COVID-19 Severity and Mortality Among Chronic Liver Disease Patients

A Systematic Review and Meta-Analysis

Ramya Nagarajan, MD; Yuvaraj Krishnamoorthy, MD; Sathish Rajaa, MD; Vishnu Shankar Hariharan, MD

Disclosures

Prev Chronic Dis. 2022;19(8):e53 

In This Article

Methods

This was a systematic review and meta-analysis of observational studies and was performed according to the Preferred Items for Systematic Reviews and Meta-Analyses (PRISMA) statement guidelines.[14] The study protocol was registered in the PROSPERO database (registration ID: CRD42021291761).

Eligibility Criteria

We included studies with any of the following study designs: prospective or retrospective cohort, case control, and cross-sectional. Only published full-text studies were included; conference abstracts, unpublished data, and gray literature were excluded. Studies conducted among COVID-19 patients were included; studies among COVID-19 patients with comorbidities other than CLD were excluded.

Studies reporting the COVID-19 outcomes among CLD and non-CLD patients were included. CLD patients are diagnosed with the condition by clinical examination, laboratory or radiologic examination, or all 3 investigations. The CLD conditions most commonly found in COVID-19 patients included in our review were cirrhosis, viral hepatitis, NAFLD, and MAFLD. Studies reporting the diagnosis of CLD based on previous medical records were also included in the review.
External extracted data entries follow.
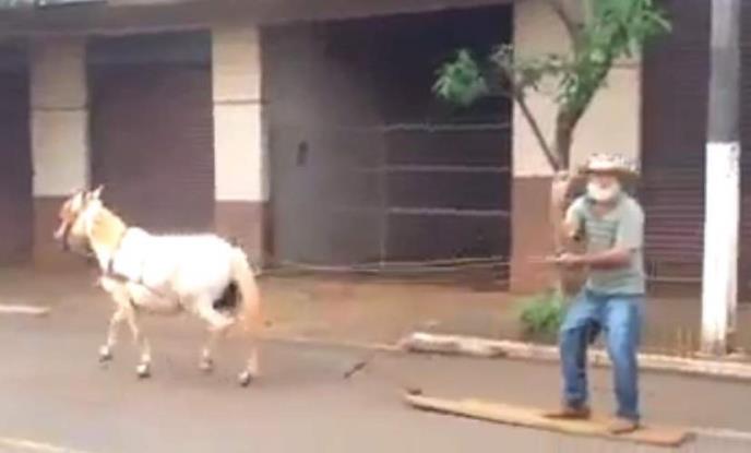 Jedan stariji Brazilac izmislio je novi način prevoza. Sve što vam je potrebno je konj i daska. I to funkcioniše, verovali ili ne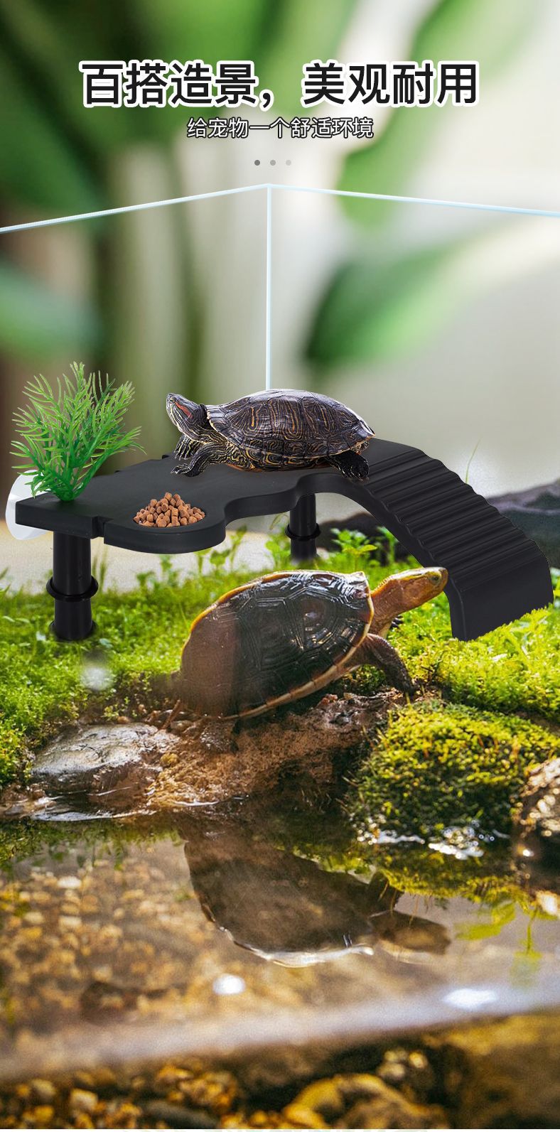 Plataforma de escalada de tortuga, plataforma de secado de plástico de tortuga brasileña, tanque de tortuga, caja de tortuga, descanso, escalera, plataforma flotante, refugio de tortuga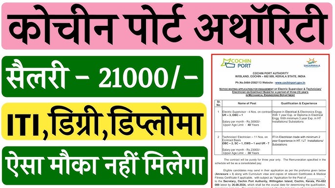 Cochin Port Authority Recruitment 2024 | Technician/Electrician, Electric Supervisor | 15 Posts | ITI/Diploma /Degree | Last Date: 26 August 2024 |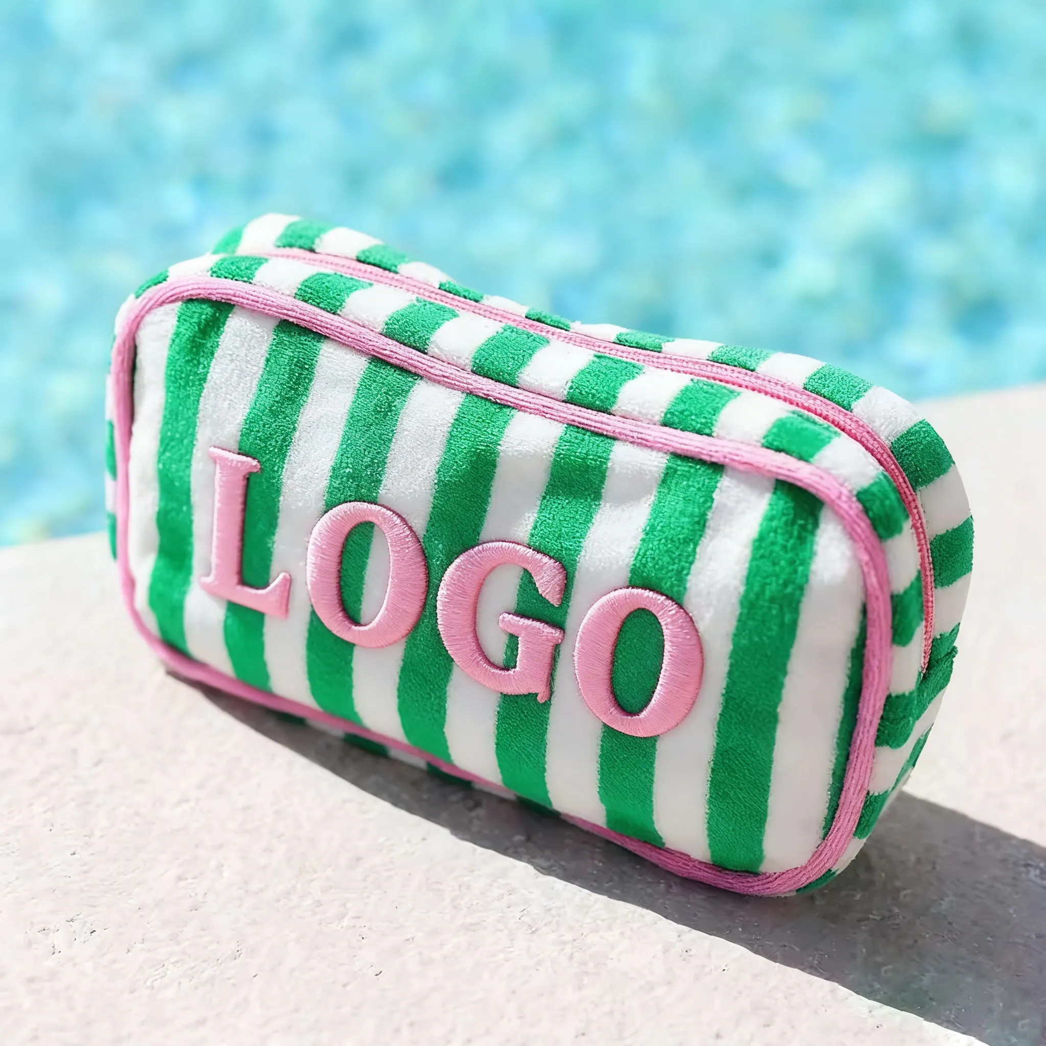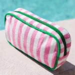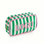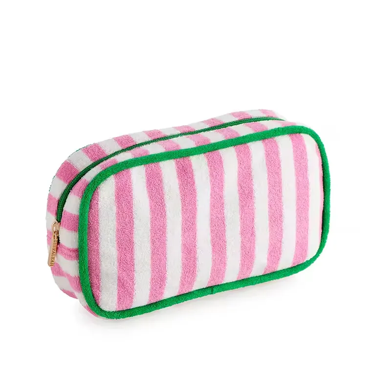 Product Highlights Elevate your brand with our best-selling terry cloth striped makeup bag – the perfect blend of retro charm, luxury feel, and everyday functionality. Featuring bold, high-quality 3D embroidered lettering and vibrant cabana-style stripes, this pouch has become a must-have accessory for beauty, travel, and lifestyle brands worldwide.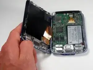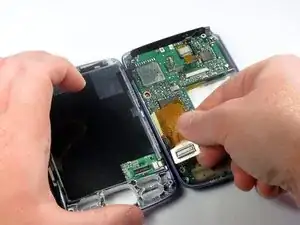 Коричневая плёнка, соединяющая материнскую плату с экраном, может порваться, если действовать неаккуратно.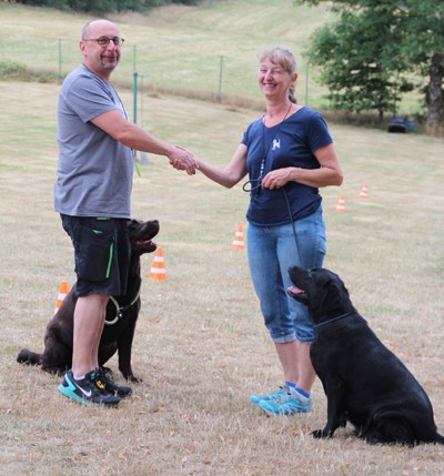 Stolz gibt "Nala" den Dummy ihrem Partner Sven in die Hand,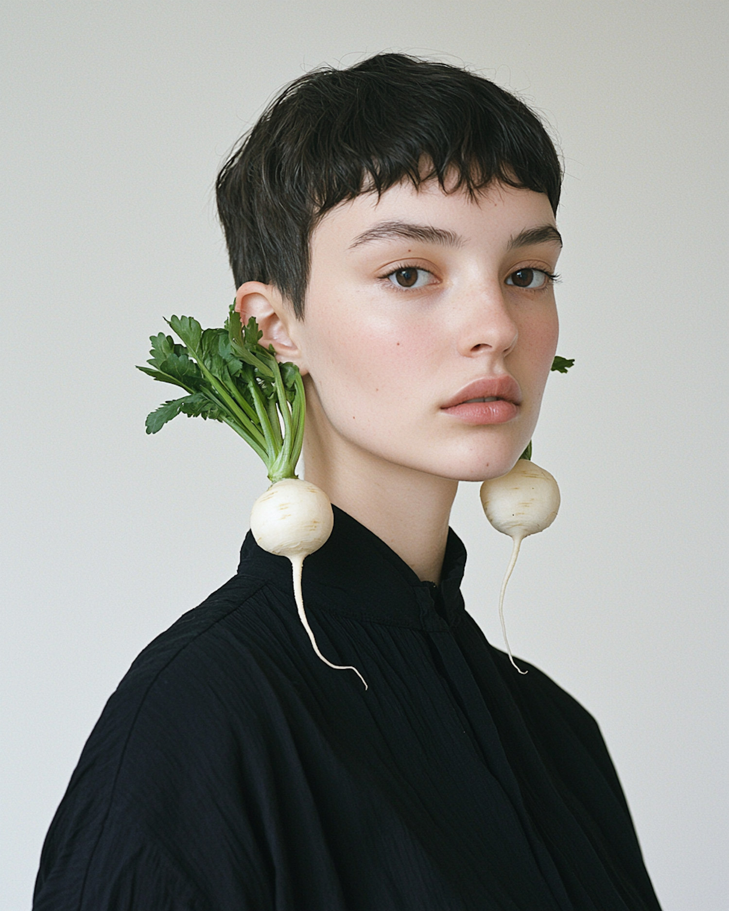 Minimalist portrait of a woman with turnip earrings, short dark hair, and a black outfit against a plain light background.

Outcomes were the 1) severity of COVID-19 and 2) mortality due to COVID-19. The severity of the COVID-19 condition can be graded based on any of the following patient criteria: respiratory rate >30 breaths/min; oxygen saturation (SpO2) <93%; oxygenation index (PaO2/FiO2) ≤300 mm Hg; intensive care unit stay required; or mechanical ventilation.[15] Studies reporting any of the outcomes mentioned above were included in our review.

Search Strategy

We conducted a comprehensive, systematic, and extensive search in the electronic databases Medline, EMBASE, ScienceDirect, Google Scholar, and Cochrane Library. We selected the terms required for the search during the protocol stage. We used both the medical subject headings (MeSH) and free-text words while searching these databases. The keywords and their synonyms were searched using appropriate truncations, wildcards, and proximity searching. The terms used to search were "liver disease"/exp OR "hepatic disease":ti,ab OR "hepatic disorder":ti,ab OR "hepatopathy":ti,ab OR "liver cell disease":ti,ab OR "liver disease":ti,ab OR "liver diseases":ti,ab OR "liver disorder":ti,ab OR "liver illness":ti,ab) AND "coronavirus disease 2019"/exp AND ("mortality"/exp OR "excess mortality" OR "mortality" OR "mortality model" OR "disease severity"/exp OR "disease severity" OR "illness severity" OR "severity, illness" OR "cause of death"/exp OR "cause of death" OR "cause, death" OR "death cause" OR "death caused" OR "mortality cause" OR "death"/exp OR "death" OR "mortality". We also searched for crucial concepts using corresponding subject headings in each database. The last search was carried out by combining the individual search results using appropriate Boolean operators ("OR" and "AND"). The search was narrowed down using the available filters on the type of studies. We restricted the search from the inception of the pandemic to February 2022 and published in English only (Supplementary Table 1 available at: https://drive.google.com/drive/folders/1mVlexUbFzmHcfvi44LTFi18OmTnMZXtT?usp=sharing). Bibliographies of the retrieved articles were also hand-searched to identify any themes missed during the database search.

Study selection process

This process involved 3 stages:

  1. Primary screening: Two independent investigators (R.N. and Y.K.) performed preliminary screening of title, abstract, and keywords by executing the literature search. Full-text articles were retrieved for the studies shortlisted on the basis of the eligibility criteria.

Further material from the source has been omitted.